Rewrite iteractive Fibonacci in JavaScript

Main program:

Code:

// initialize fibIterative
let ans = 0
let n = 10

fibIterative()

console.log(ans)


Iterative Fibonacci function:

Code:

function fibIterative() {
    let prevPrev = 1
    let prev = 1
    let curr = 1
    let i = 2
    while (i < n) {
        curr = prevPrev + prev
        prevPrev = prev
        prev = curr
        i = i + 1
    }
    ans = curr
}


I hope that this post will help people write functions, especially recursive ones, in TI-BASIC. Also, I'd like to hear if there are ways to optimize the code.
It is rather disappointing TI-BASIC can't make full use of recursion. The fake local variables solution is about the best you have, as you have shown (though I would lean toward shorter list names to save on those sweet sweet bytes), although in some rare occasions you can actually get away without using those lists.

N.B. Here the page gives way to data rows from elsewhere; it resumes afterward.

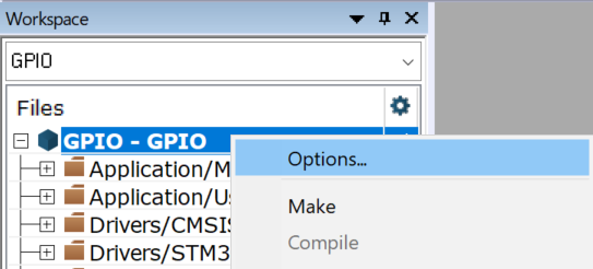 右击工程选择Options(或者Project > Options)打开工程选项配置: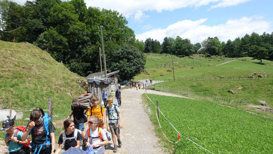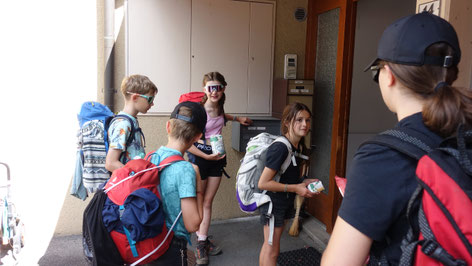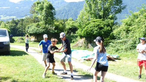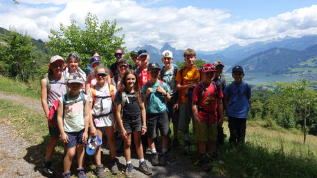Gut gelaunt und mit wärmender Morgensonne, starteten wir den Tag mit einem leckeren Frühstück. Den Morgen verbrachten unsere "Dörfler" in ihren Familien und stockten ihr gemeinsames Konto mit einem Geländespiel auf. Beim verstecken ihrer Fahnen im Wald mussten unsere Dorfbewohner strategisches Geschick zeigen und beim anschliessenden Spiel vollen Einsatz geben. So viel Einsatz kostet viel Energie, doch zum Glück verwöhnte unsere super Küche uns wieder einmal mit einer feinen Mahlzeit. Nach dem Verdauen und dem erledigen aller Ämtlis tauschten wir unsere Kleider mit Badesachen und machten uns auf den Weg zu unserem Badeort. Wir gönnten uns ein Schwumm und kühlten uns am angenehmen Zugersee-Wasser ab. Beim Lagerplatz wieder angekommen, eilte uns der Präsident entgegen um uns seine gute Kunde mitzuteilen. Wir konnten mit unserem Ersparten einen Deal abschliessen, um uns eine Lokomotive und Anschluss an das Schienennetz zu leisten. In verschiedenen Posten lernten wir, wie man mit diversen Material Lagerbauten baut und legten die Schienen für unseren Zug. Ein kleiner Bahnhof, der stolz unser Dorfnamen trägt, schliesst unser Dorf an die anderen Gleise und somit an die Aussenwelt an. Am frühen Abend spielten wir noch ein Geländespiel auf dem gesamten Platz. Zum Schluss des Tages beendeten wir den Tag mit einem grossen Zahnputz-Kreis.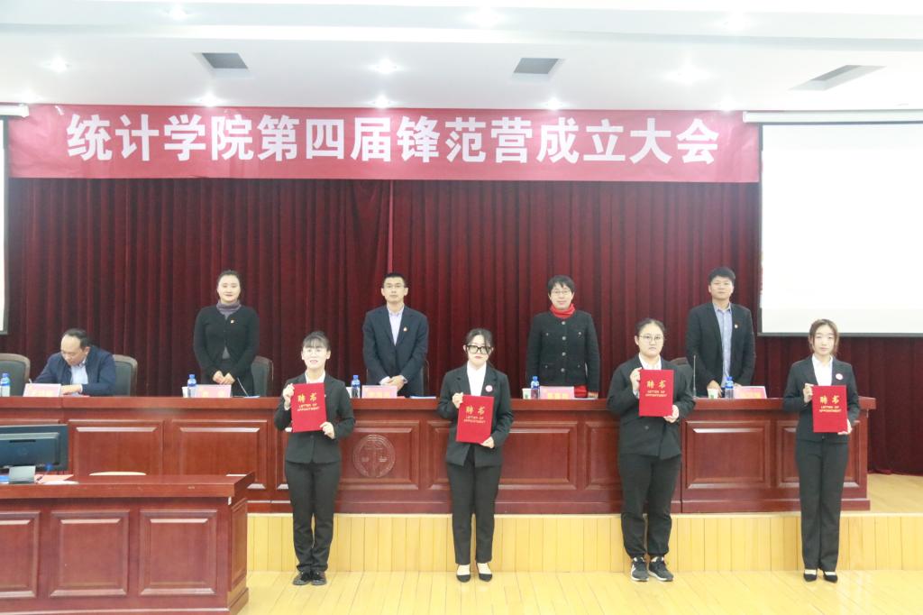 会上,职能部门领导老师为统计学院第四届锋范营主席团成员颁发聘书,统计学院学生党支部书记王俊梅宣读第四届锋范营主席团及部长名单,第三届锋范营主席董明辉对上一年的工作做了总结汇报,第四届锋范营主席马琳娜发表了就职演讲。团委宣传部副部长张同瑞作为学校职能部门老师代表致辞。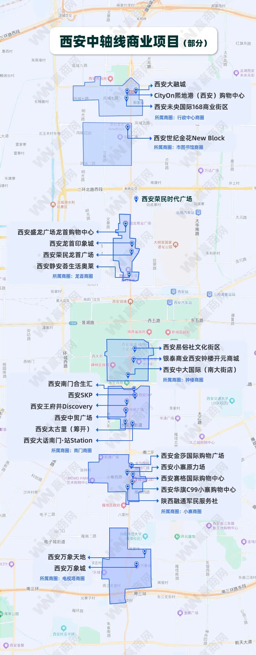 近些年,西安中轴线不断进阶提升,形成了多个商圈,集聚近400万㎡商业。

For example, a simple factorial function, where the input must initially be stored in N right before the first call:

Code:
PROGRAM:FACT
:DS<(N,1
:NAns
:If N
:prgmFACT

which takes advantage of the fact that DS<( doesn't change Ans. This approach is theoretically viable as long as you're only doing single recursion. Computing Fibonacci numbers the usually way, though, spawns a tree of recursive calls, so you're SOL unless you use the "local" lists.
Yes. It's quite disappointing because recursion is such an elegant solution to many problems. Your factorial example is interesting and I will definitely shorten the local variable name.